**WHAT IS REQUIRED**. Give all of the data below again exactly, and drop the images.

**GIVEN INFORMATION**.
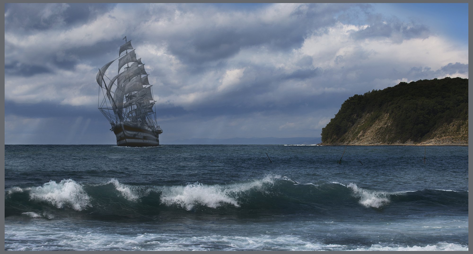 Имхо красиво, но чувствуется неестественность в паруснике. Не совсем понятно почему: то ли потому, что при таком крене буруны по левому борту должны быть больше чем по правому, то ли не согласуется освещенность, то ли парусник от фотографа визуально находится на таком же удалении, как и правый берег, который выглядит резко, а борт парусника не резок.
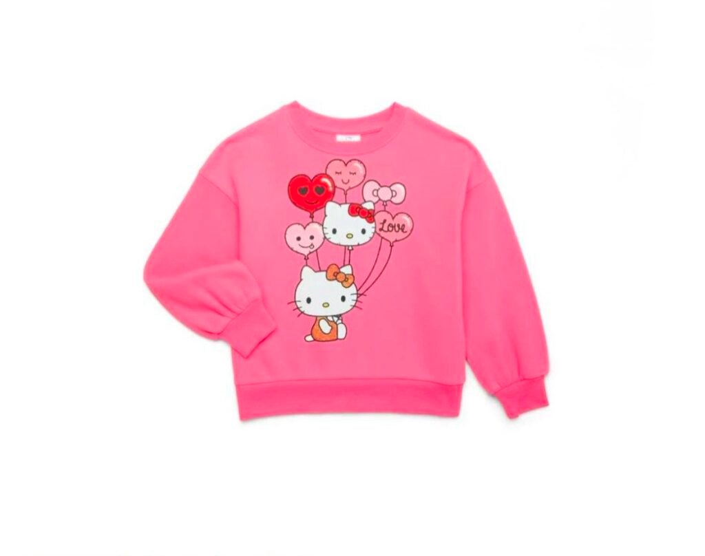 $11.98 Hello Kitty Love Balloons Girls Valentine’s Day Fleece Sweatshirt, Sizes 4-16
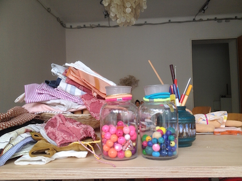Dass ich diese Gedanken mit unserem letzten Treffen verbinde, ist natürlich kein Zufall. Anita war wieder in der Stadt und wir haben endlich geschafft, was wir uns seit über einem Jahr vorgenommen hatten, nämlich Julia in ihrem Atelier in Karlshorst zu besuchen, für mich war es bereits das zweite Mal. Julia hat sich da einen herrlichen Ort für ihre Puppenmacherei geschaffen mit einem großen Tisch zum Werkeln und für Kurse, zwei Schaufenstern, die sie wunderschön dekoriert, einer kleinen Teeküche und einer ruhigen Ecke zum Rattern mit der Nähmaschine. Kurz: Raum, wie ich ihn mir selbst seit Jahren erträume. Ich freue mich wirklich von ganzem Herzen für Julia, natürlich auch über die Aussicht, jetzt öfter dort mit ihr zu sein, die Hände tanzen zu lassen, Tee zu trinken und zu plaudern. Aber es rührt mich noch auf eine andere Weise an, die viel tiefer geht und Licht auf einen Wunsch wirft, den ich lange im Dunkeln gehalten habe. Meinem Wunsch nach einem Arbeitsplatz außerhalb meiner Wohnung, nach Größe und Weite, nach ganz viel Raum für Ideen, Kreativität und Miteinander, auch nach Sichtbar-Sein in der Welt. Da geht es also lang, das ist meine große Sehnsucht und gleichzeitig meine große Angst. Diesen Wunsch einmal klar und liebevoll wahrzunehmen und auch anzunehmen, tut gut, dafür bin ich dankbar und das macht aus dem zwickenden Herzen wieder ein offenes Herz, das mit seiner unendlichen wundervollen wilden Weisheit verlässlich führt, wenn man es nur lässt.
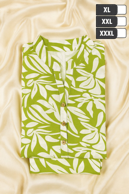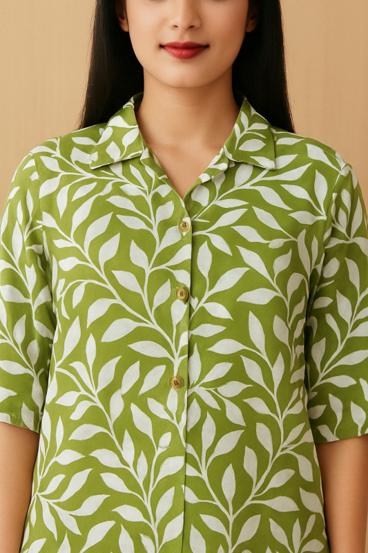 The highlight of this set is the all-over white leaf print on a vibrant green base, creating a refreshing and nature-inspired design. The matching straight-fit pants complete the coordinated look, making it perfect for office wear, casual outings, or daily comfort wear.

**COMPLETED TASK**.
 Имхо красиво, но чувствуется неестественность в паруснике. Не совсем понятно почему: то ли потому, что при таком крене буруны по левому борту должны быть больше чем по правому, то ли не согласуется освещенность, то ли парусник от фотографа визуально находится на таком же удалении, как и правый берег, который выглядит резко, а борт парусника не резок.
 $11.98 Hello Kitty Love Balloons Girls Valentine’s Day Fleece Sweatshirt, Sizes 4-16
Dass ich diese Gedanken mit unserem letzten Treffen verbinde, ist natürlich kein Zufall. Anita war wieder in der Stadt und wir haben endlich geschafft, was wir uns seit über einem Jahr vorgenommen hatten, nämlich Julia in ihrem Atelier in Karlshorst zu besuchen, für mich war es bereits das zweite Mal. Julia hat sich da einen herrlichen Ort für ihre Puppenmacherei geschaffen mit einem großen Tisch zum Werkeln und für Kurse, zwei Schaufenstern, die sie wunderschön dekoriert, einer kleinen Teeküche und einer ruhigen Ecke zum Rattern mit der Nähmaschine. Kurz: Raum, wie ich ihn mir selbst seit Jahren erträume. Ich freue mich wirklich von ganzem Herzen für Julia, natürlich auch über die Aussicht, jetzt öfter dort mit ihr zu sein, die Hände tanzen zu lassen, Tee zu trinken und zu plaudern. Aber es rührt mich noch auf eine andere Weise an, die viel tiefer geht und Licht auf einen Wunsch wirft, den ich lange im Dunkeln gehalten habe. Meinem Wunsch nach einem Arbeitsplatz außerhalb meiner Wohnung, nach Größe und Weite, nach ganz viel Raum für Ideen, Kreativität und Miteinander, auch nach Sichtbar-Sein in der Welt. Da geht es also lang, das ist meine große Sehnsucht und gleichzeitig meine große Angst. Diesen Wunsch einmal klar und liebevoll wahrzunehmen und auch anzunehmen, tut gut, dafür bin ich dankbar und das macht aus dem zwickenden Herzen wieder ein offenes Herz, das mit seiner unendlichen wundervollen wilden Weisheit verlässlich führt, wenn man es nur lässt.
 The highlight of this set is the all-over white leaf print on a vibrant green base, creating a refreshing and nature-inspired design. The matching straight-fit pants complete the coordinated look, making it perfect for office wear, casual outings, or daily comfort wear.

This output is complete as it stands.